> _Data_
----------

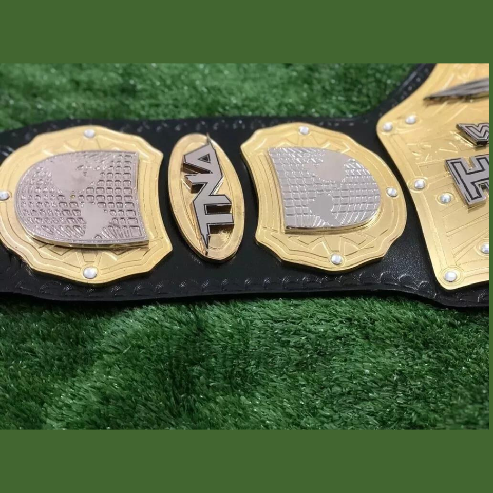 เข็มขัดแชมป์สีเขียวขนาดใหญ่แผ่นโลหะผสมสังกะสี/ทองเหลืองขนาด4มม. เข็มขัดมวยปล้ำหนังแท้
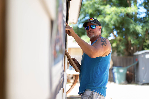 Jessica Gehl takes a break from patching paint in July during a Coeur d'Alene backyard renovation that will soon appear on the "Ask This Old House" TV program on PBS.
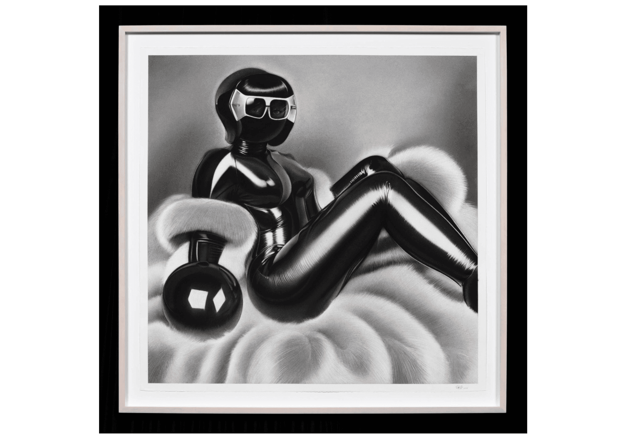 Velvet Other World, Bimbot, 2023. Charcoal on BFK. 42.5″ x 42.5″. Photo courtesy of the artists and Kapp Kapp.
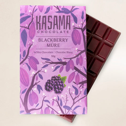 Indigo as the evening skies overlooking the many blackberry hedges on Vancouver's coastal beaches, this award-winning, vegan white chocolate bar is made from organic Peruvian cacao butter and contains no dairy, just a boatload of dried BC blackberries - equivalent to over 20 berries in each bar of chocolate.

----------

Every line of the material should be repeated precisely; pictures are to be excluded.

> _Response below_
 เข็มขัดแชมป์สีเขียวขนาดใหญ่แผ่นโลหะผสมสังกะสี/ทองเหลืองขนาด4มม. เข็มขัดมวยปล้ำหนังแท้
 Jessica Gehl takes a break from patching paint in July during a Coeur d'Alene backyard renovation that will soon appear on the "Ask This Old House" TV program on PBS.
 Velvet Other World, Bimbot, 2023. Charcoal on BFK. 42.5″ x 42.5″. Photo courtesy of the artists and Kapp Kapp.
 Indigo as the evening skies overlooking the many blackberry hedges on Vancouver's coastal beaches, this award-winning, vegan white chocolate bar is made from organic Peruvian cacao butter and contains no dairy, just a boatload of dried BC blackberries - equivalent to over 20 berries in each bar of chocolate.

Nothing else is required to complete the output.